La seconde interrogation tient au rôle international du dollar. La Fed est devenue de facto une banque centrale mondiale. Dans les périodes de crise, c’est la liquidité en dollars fournie par la Fed qui stabilise une large partie du système financier international. Une Fed beaucoup plus restrictive et moins interventionniste pourrait accroître fortement la volatilité mondiale.

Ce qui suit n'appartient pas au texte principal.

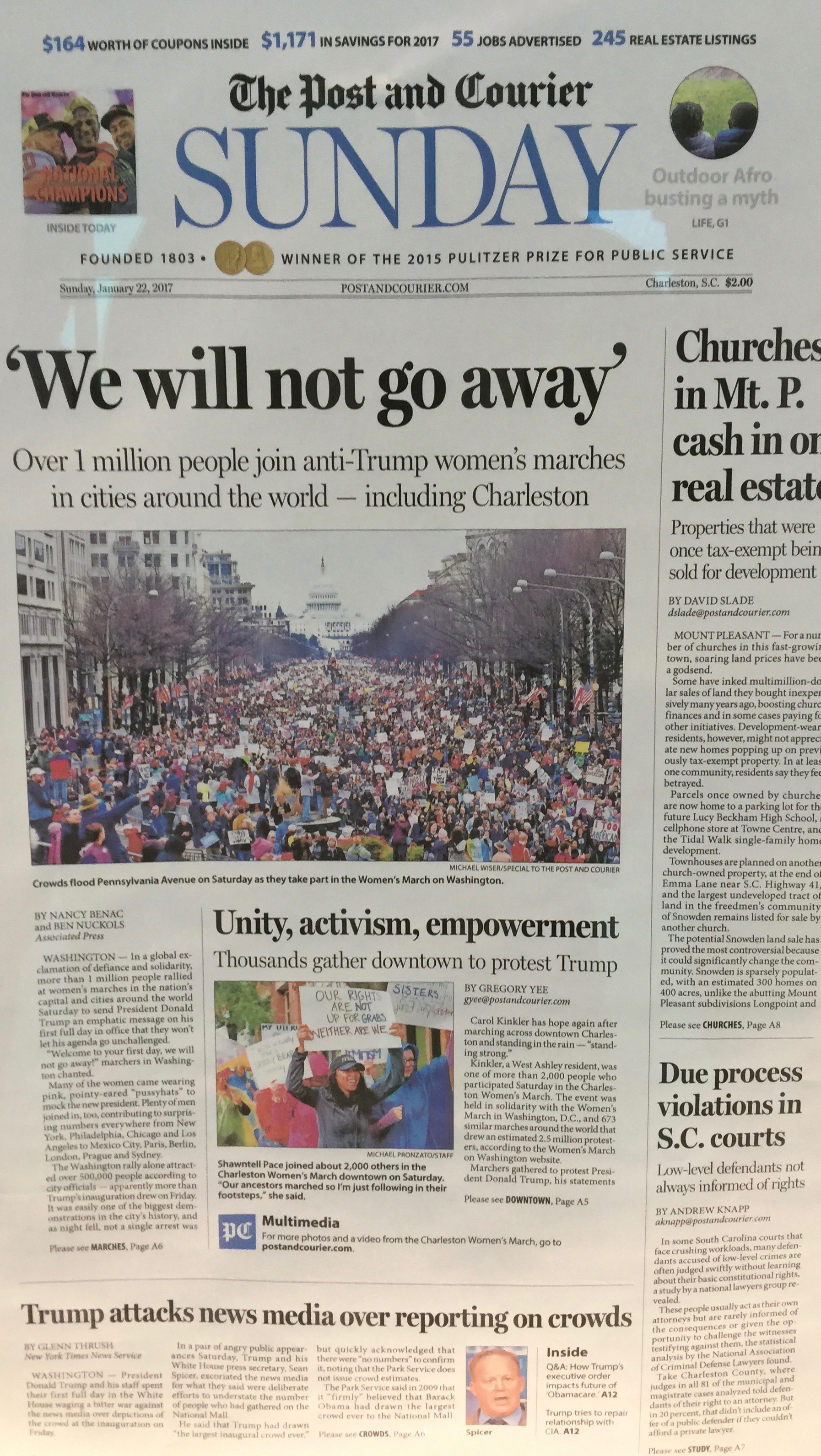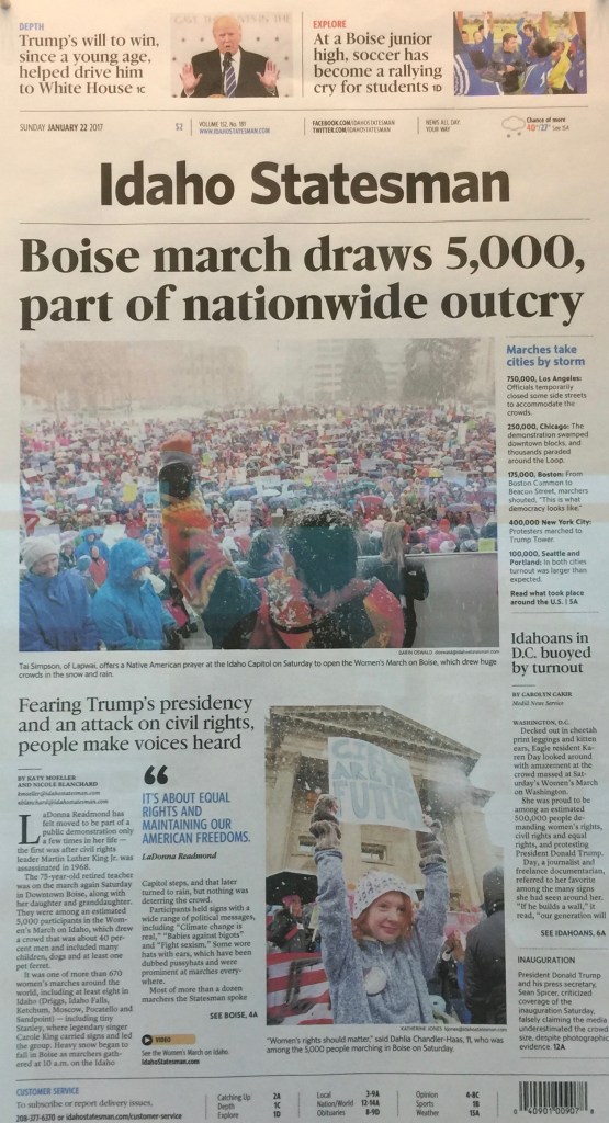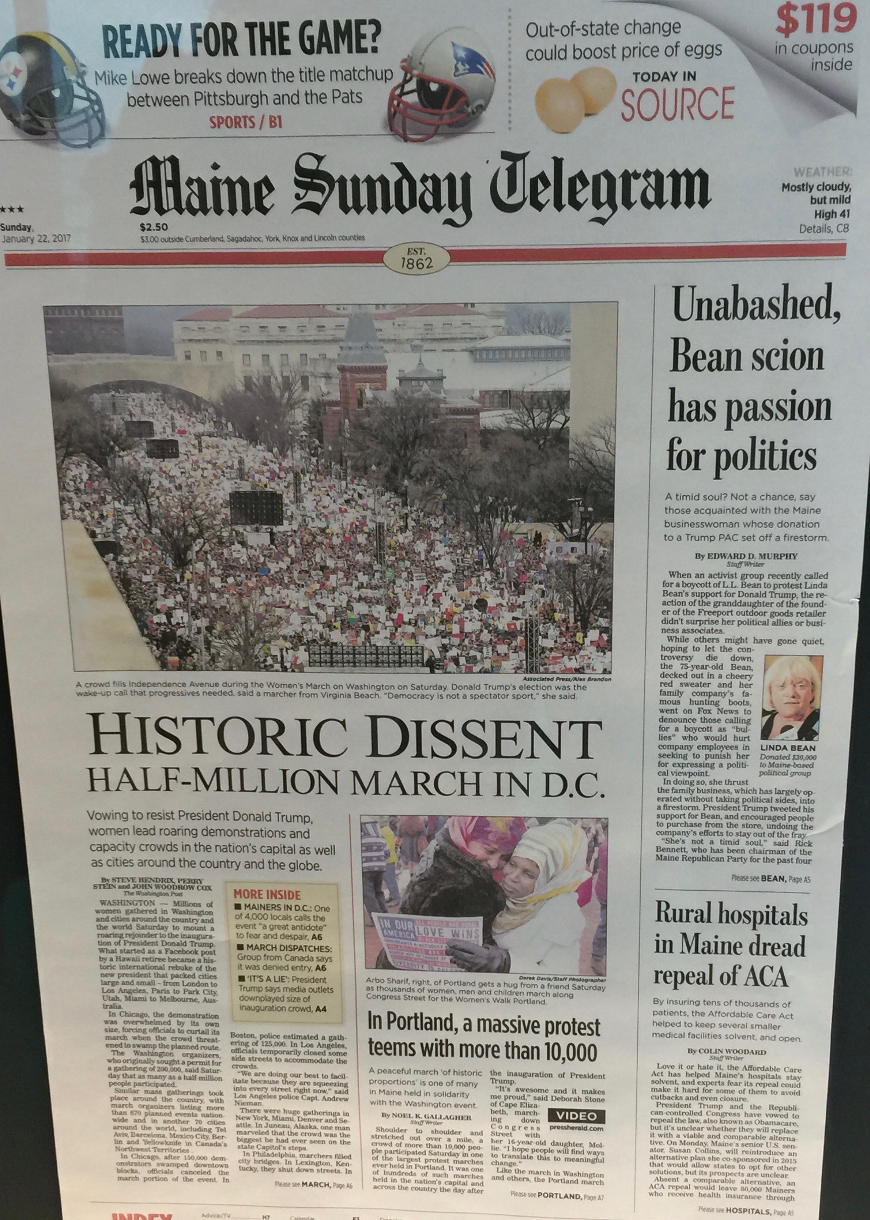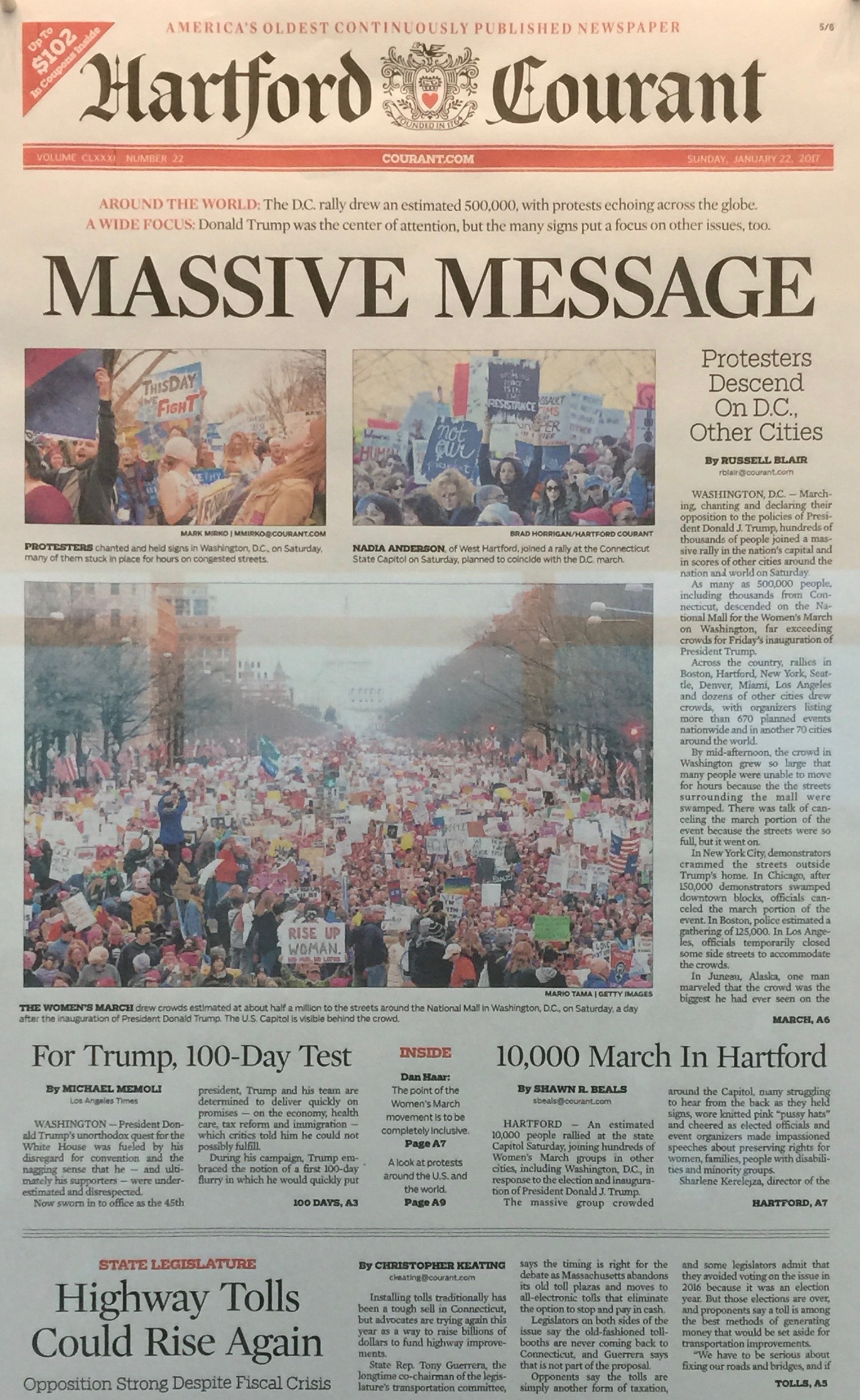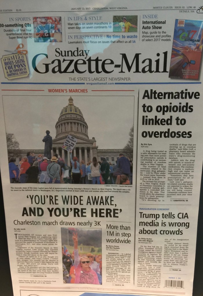 We were with hordes of humanity (estimates from 600k – 1m) marching in DC who were loving, enthusiastic, and united. It was a great day only made better by meeting some friends we haven’t seen for years at another José Andrés restaurant – Zaytinya. We had a great dinner (the restaurant was packed! The waiter telling us it had been near empty all week but today had been a madhouse). Then we stayed up late with our friends drinking in our room and watching Saturday Night Live. Brilliant! In particular, the segment on Kellyanne Conway was amazing. It was shocking to see her on Meet the Press the next morning telling Chuck Todd that Sean Spicer’s first official announcement as White House Press Secretary was presenting “Alternative Facts”. You may know these by their more common name: Lies. Defending Sean Spicer blatant lying to the whole world about the size of Trump’s “hands” inaugural attendance, (puny when compared to the Women’s March) was just mind-numbing. Not to mention Trump’s visit to the CIA during the Women’s March to declare war on the media and complain about his size.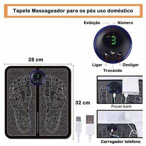 Estilo: A, B opcional Material: PU / SDR Tamanho do pedal: Aprox. 32x30cm / 12.6x11.8in Fonte de alimentação de carregamento: bateria de polímero, modelo PL501240, capacidade 260mAh Características: cuidados com os pés, massagem de pontos de acupuntura, ativar veias, aliviar a fadiga Modos: 6 Marca: Sp All Ean: 7890519000805

La troisième repose sur son intention de baisser les taux courts tout en laissant monter les taux longs par le « Quantitative Tightening » qu’il appelle de ses vœux. Est-ce possible ? Quels pourraient en être les effets ? Son cadre conceptuel est que réduire le bilan de la banque centrale réduira l’inflation, ce qui laissera de la marge pour baisser les taux d’intervention. C’est semble être une analyse monétariste dont les soubassements empiriques manquent depuis la fin des années quatre-vingt. En outre, avec le retour de l’inflation post Covid,  puis à nouveau aujourd’hui avec la pression inflationniste due à l’évolution du prix de l’énergie et de certaines matières premières et terres rares, les taux longs ne sont plus à des niveaux qui pouvaient être considérés dans la période précédente comme anormalement bas. Et les principales banques centrales ont initié une normalisation de leur politique de bilan et maintiennent les taux courts loin de zéro.  

Ajoutons que l’un des arguments employés par Warsh pour justifier la baisse des taux directeurs, soit les effets désinflationnistes de l’intelligence artificielle, de par l’augmentation attendue des gains de productivité, peut être contre-battu d’un point de vue théorique par l’accroissement du taux naturel d’intérêt dû précisément à l’augmentation des gains de productivité. Il est aussi possible de s’interroger sur le fait que Warsh affichait une attitude plus « faucon » avant la Présidence de Trump qu’aujourd’hui.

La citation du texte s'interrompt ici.